Consider the words ‘woman’ and ‘crown’. In our semantic space, each word is represented as a vector — a point with a specific direction. When we add the vectors for ‘woman’ and ‘crown’, the result aligns closely with the vector for ‘queen’. This is because, in our language usage, the combination of a ‘woman’ with a ‘crown’ often relates to the concept of a ‘queen’.

Taking it one step further, if we add ‘queen’ and ‘land’, we move towards the vector for ‘kingdom’. This is because a ‘queen’ associated with ‘land’ frequently signifies a ‘kingdom’.

In Contexto.me, these concepts form the foundation for gameplay. The primary operation it performs isn’t addition, but distance calculation. It assesses the ‘distance’ or difference between the vector for the player’s input word and the target word. By understanding these distances, players can navigate the semantic space, using their linguistic knowledge and insights to reach the target word.

The Magic of GloVe: A Friendly Guide to Understanding Its Python Implementation

The Python script shared here illustrates how the GloVe (Global Vectors for Word Representation) technique can be implemented. Let’s dissect it into key parts to understand the entire process better.

import os
import numpy as np
from scipy.sparse import lil_matrix
from sklearn.preprocessing import normalize
from sklearn.decomposition import TruncatedSVD
from sklearn.metrics.pairwise import cosine_similarity

The script begins by importing the necessary Python libraries. These include ‘os’ for handling file paths, ‘numpy’ for numerical operations, ‘lil_matrix’ from ‘scipy.sparse’ for creating a matrix, ‘TruncatedSVD’ from ‘sklearn.decomposition’ for singular value decomposition (SVD), and ‘cosine_similarity’ from ‘sklearn.metrics.pairwise’ to calculate the similarity between word vectors.

def create_co_occurrence_matrix(corpus, window_size=4):

This function constructs a co-occurrence matrix, which is essential in GloVe. It records how often each word (row) occurs with every other word (column). The ‘window_size’ parameter sets the number of words to the left and right of a given word considered as its context.

def perform_svd(matrix, n_components=300):

This function applies Singular Value Decomposition (SVD) on the co-occurrence matrix to reduce its dimensionality while preserving its most important semantic features. The ‘n_components’ parameter sets the number of dimensions for the output vectors.

def create_word_embeddings(corpus):

This function calls the previous two functions to create the word embeddings. It generates the co-occurrence matrix and then applies SVD to create the final word vectors or ‘embeddings’.

def get_word_similarity(embeddings, word2id, word1, word2):

Lastly, this function calculates the cosine similarity between any two word vectors. It provides a measure of how semantically similar the words are, with 1 representing identical words and 0 indicating no semantic similarity.
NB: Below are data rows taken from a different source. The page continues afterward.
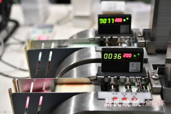“洗完澡”,到了排队入库的时间,也就是第三步“清点、装箱”。神似点钞机的点卡机,每次可清点200张,每400张装一小盒,10盒装一箱。一个人操作机器数完4000张,约半小时。
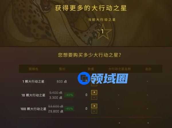 做任务可得大行动之星,每周获取的大行动之星有上限。如果没有时间做任务,你也可以购买大行动之星升级包。购买并激活后,可以获得1/10/100个大行动之星,并拿到相应奖励,但不会影响行动币等级。
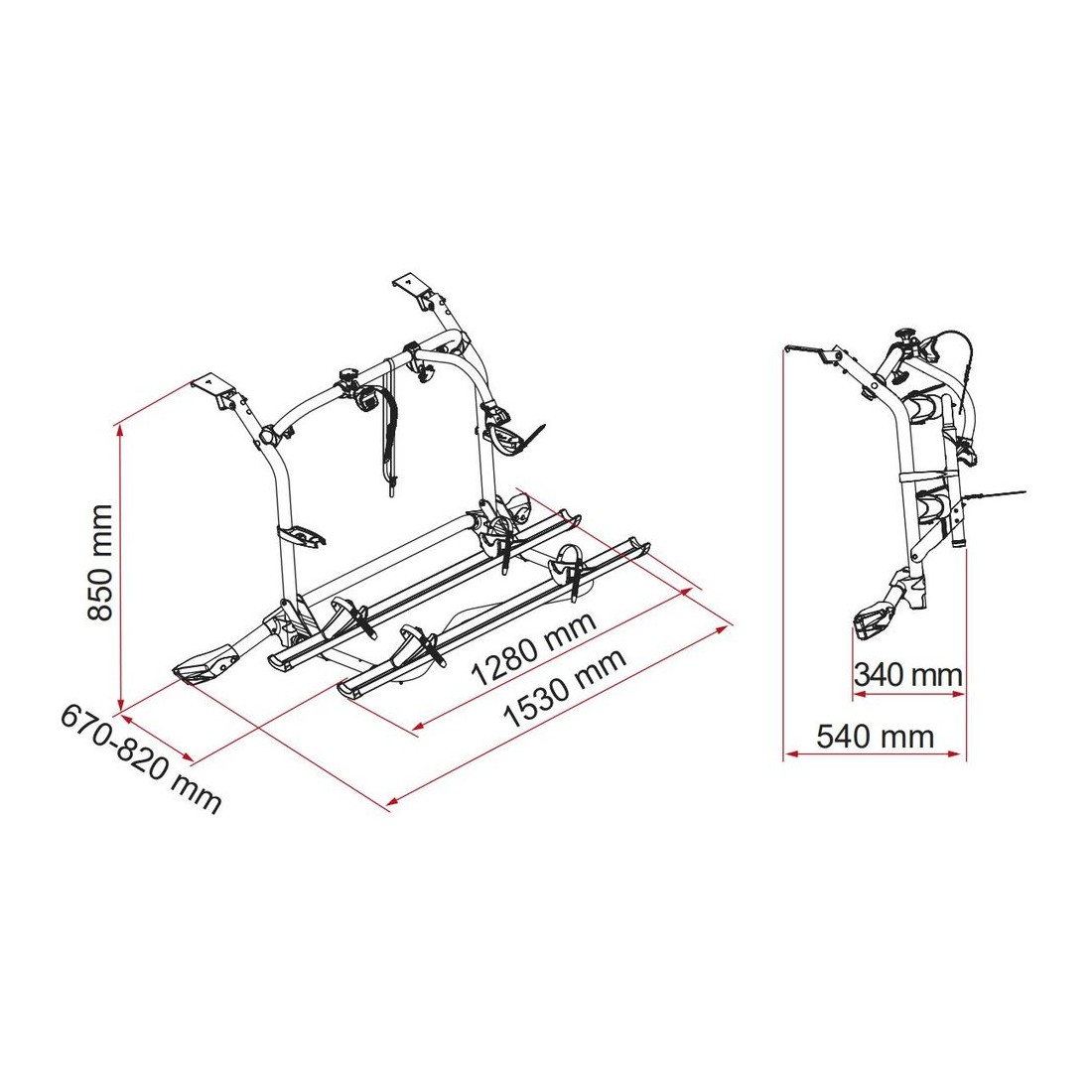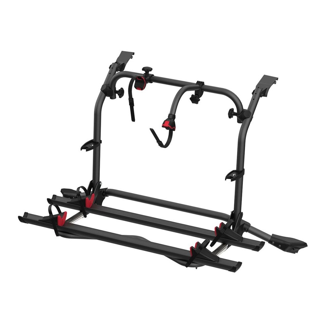 Porta-bicicletas específico para Volkswagen T5 resistente e seguro. Permite o transporte de 2 bicicletas na zona traseira (expansível até 4) e é compatível com bicicletas elétricas.
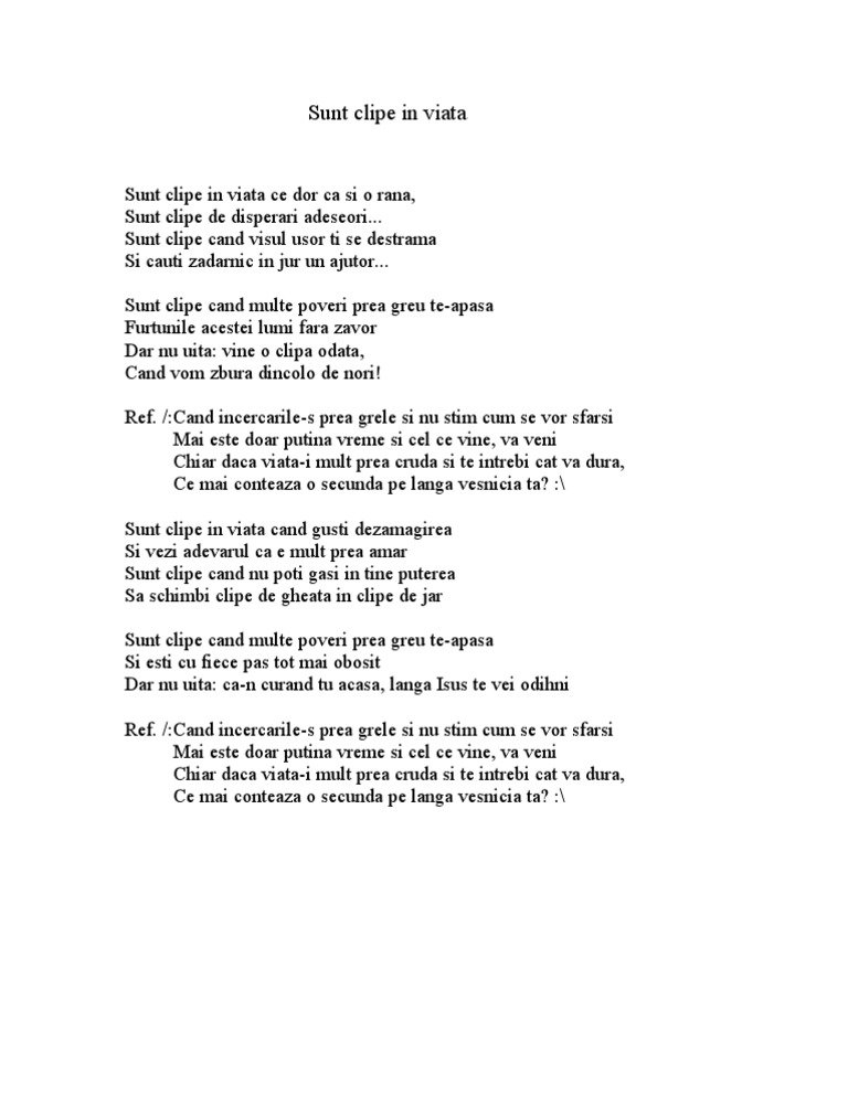 Sunt Clipe In Viata Ce Dor Cu Versuri Chords Chordify
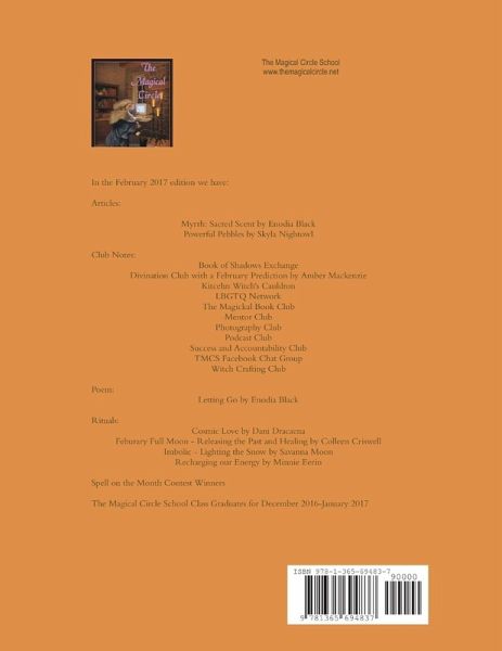 In the February 2017 edition we have: Articles: Myrrh: Sacred Scent by Enodia Black Powerful Pebbles by Skyla Nightowl Club Notes: Book of Shadows Exchange, Divination Club with a February Prediction by Amber Mackenzie, Kitchen Witch's Cauldron, LBGTQ Network,The Magickal Book Club ,Mentor Club, Photography Club,Podcast Club,Success and Accountability Club, TMCS Facebook Chat Group,and Witch Crafting Club Poem: Letting Go by Enodia Black Rituals: Cosmic Love by Dani Dracaena,February Full Moon : Releasing the Past and Healing by Colleen Criswell,Imbolic: Lighting the Snow by Savanna Moon, and Recharging Our Energy by Minnie Eerin Spell of the Month Contest Winners: Rose Quartz The Magical Circle School Class Graduates December 2016 - January 2017
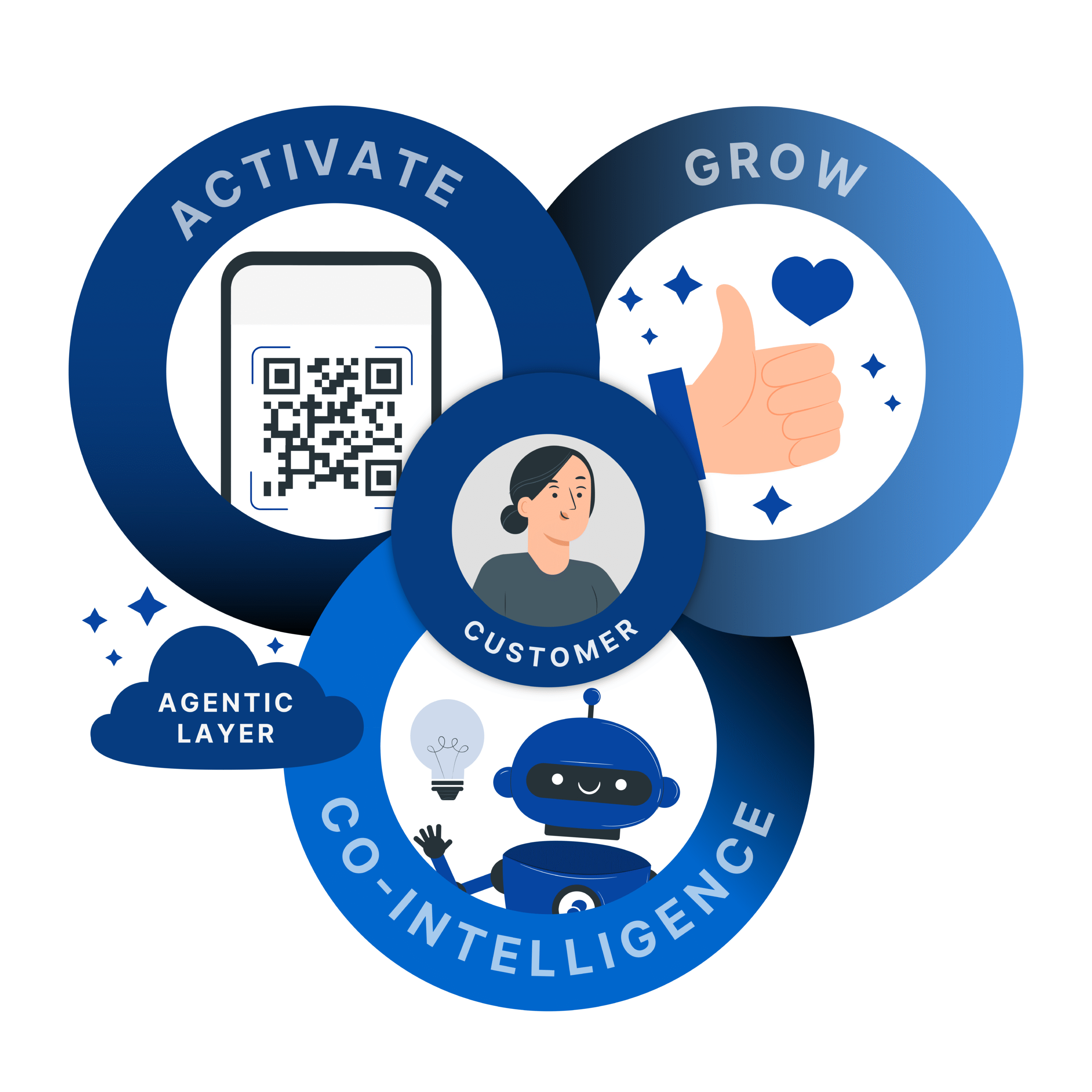 Agentic Engagement is the smart layer that connects people and brands – reacting in real time to guide actions, like a growth-focused nervous system.
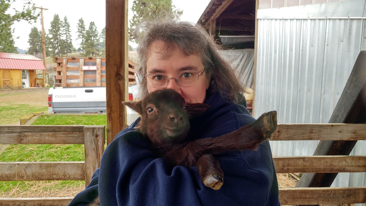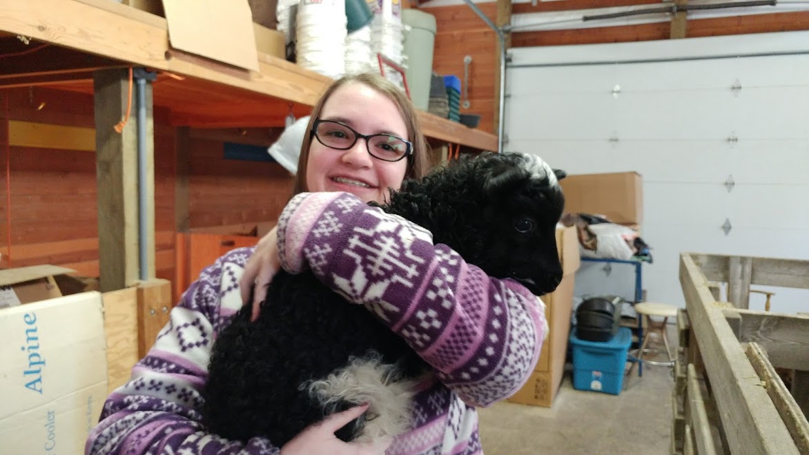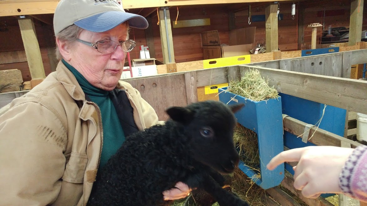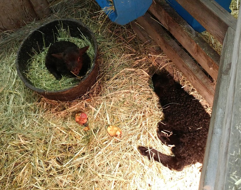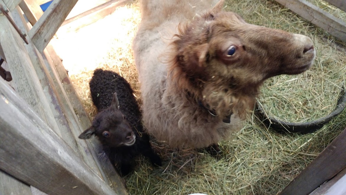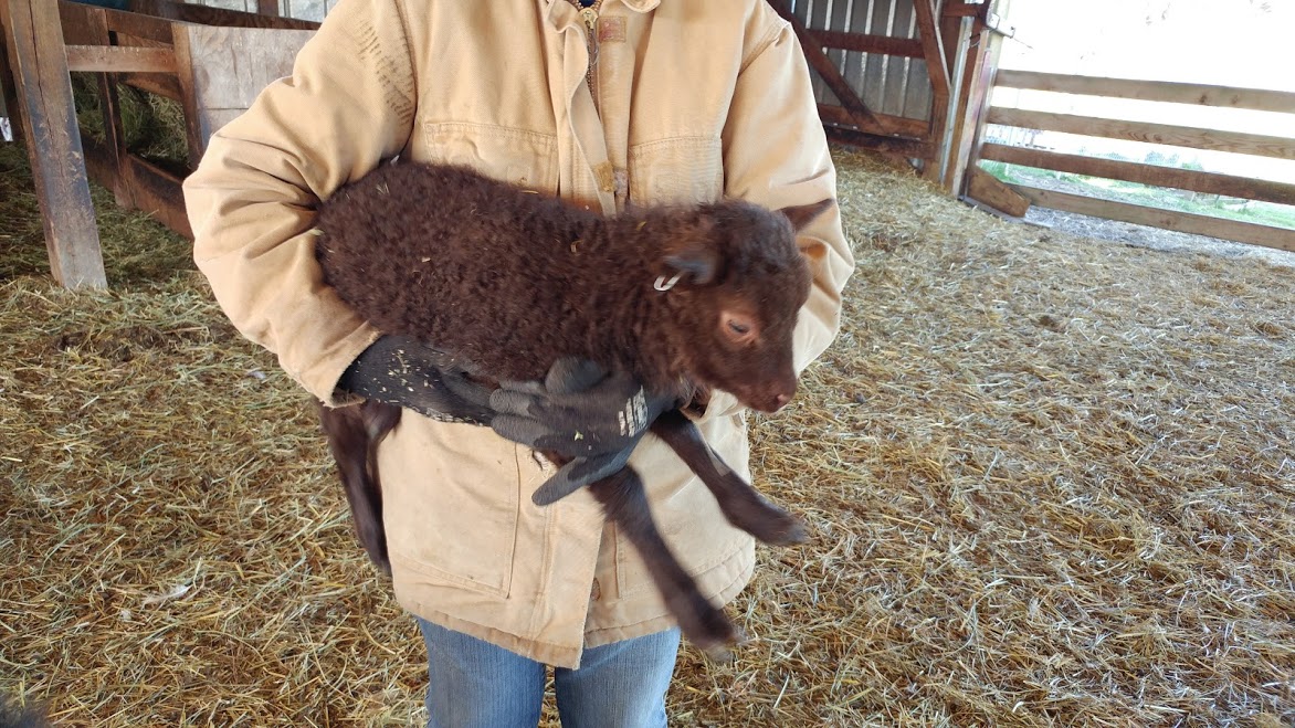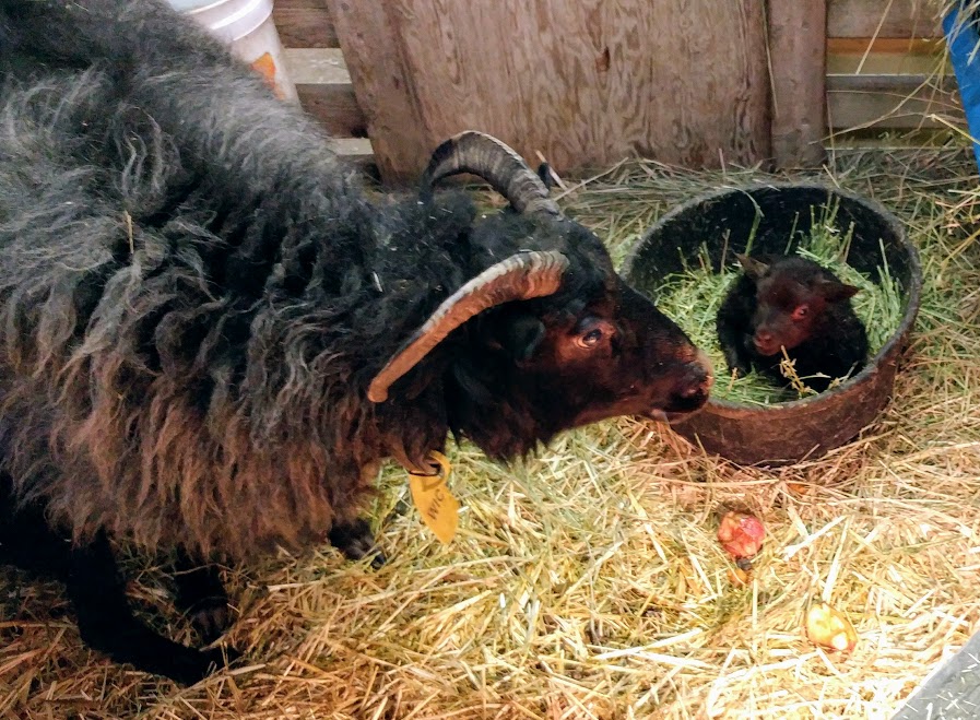Again, I promise there were three! WIC gave birth to a tiny little ram (the brown one in his mama's grain pan), as well as another ram and a ewe, both gorgeous black! Lee said that the little brown boy would probably make a good wethered fiber pet - he was just so small, she didn't think he would make a good ram for breeding. Well, you know me...I hear the words "wether" and "fiber," and see this tiny little boy curled up in a pan...I kind of fell in love. A lot. And his sister? Look at this face!!!
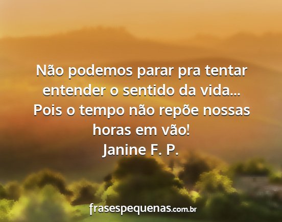 Não podemos parar pra tentar entender o sentido da vida... Pois o tempo não repõe nossas horas em vão!Janine F. P.
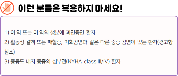 - 다음 환자는 투여 시 위험할 수 있으므로 투여하지 마시길 바랍니다.
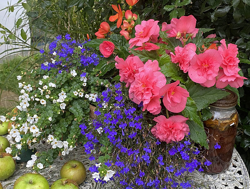 And, of course, the completely unstopable non-stop begonias! Squashed into pots on the relatively shady garage patio they have flourished, but out in the border they obviously felt much too exposed and have all but withered away. (Also note a tiny sample of our massive crop of Bramley cooking apples…. It has been an incredible year for fruit and my freezers are bulging with stewed apples, just from the windfalls.)
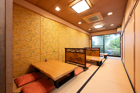格式ある意匠壁と畳の香りに包まれた広々とした大座敷。やわらかな灯りと庭の景色が調和し、落ち着きと品格を感じる和のくつろぎ空間です。宴会・法事・ご会食に最適。

similarity = get_word_similarity(embeddings, word2id, 'sun', 'sky')
print(f"The distance between the two words is: {similarity}")

# The distance between the two words is: 0.9828447113750172

Finally, the script calculates and prints the semantic distance between ‘sun’ and ‘sky’, giving a glimpse of how Contexto.me uses this kind of calculation in its gameplay.

Full implementation of the code

# Import the necessary libraries:
import os  # For reading files and managing paths
import numpy as np  # For performing mathematical operations
from scipy.sparse import lil_matrix  # For handling sparse matrices
from sklearn.decomposition import TruncatedSVD  # For Singular Value Decomposition (SVD)
from sklearn.metrics.pairwise import cosine_similarity  # For calculating cosine similarity between vectors

# Define the path to the corpus folder and obtain the list of text files
corpus_folder = "./corpus"
file_names = [f for f in os.listdir(corpus_folder) if f.endswith(".txt")]

# Initialize an empty list to store the words from the corpus
corpus = []

# Read each text file in the corpus folder and append the words to the corpus list
for file_name in file_names:
    file_path = os.path.join(corpus_folder, file_name)
    with open(file_path, "r") as corpusFile:
        for linea in corpusFile:
            word_line = linea.strip().split()
            corpus.extend(word_line)

# Function to create a co-occurrence matrix from the corpus with a given window size
def create_co_occurrence_matrix(corpus, window_size=4):
    vocab = set(corpus)  # Create a set of unique words in the corpus
    word2id = {word: i for i, word in enumerate(vocab)}  # Create a word-to-index dictionary for the words
    id2word = {i: word for i, word in enumerate(vocab)}  # Create an index-to-word dictionary for the words
    matrix = lil_matrix((len(vocab), len(vocab)))  # Initialize an empty sparse matrix of size len(vocab) x len(vocab)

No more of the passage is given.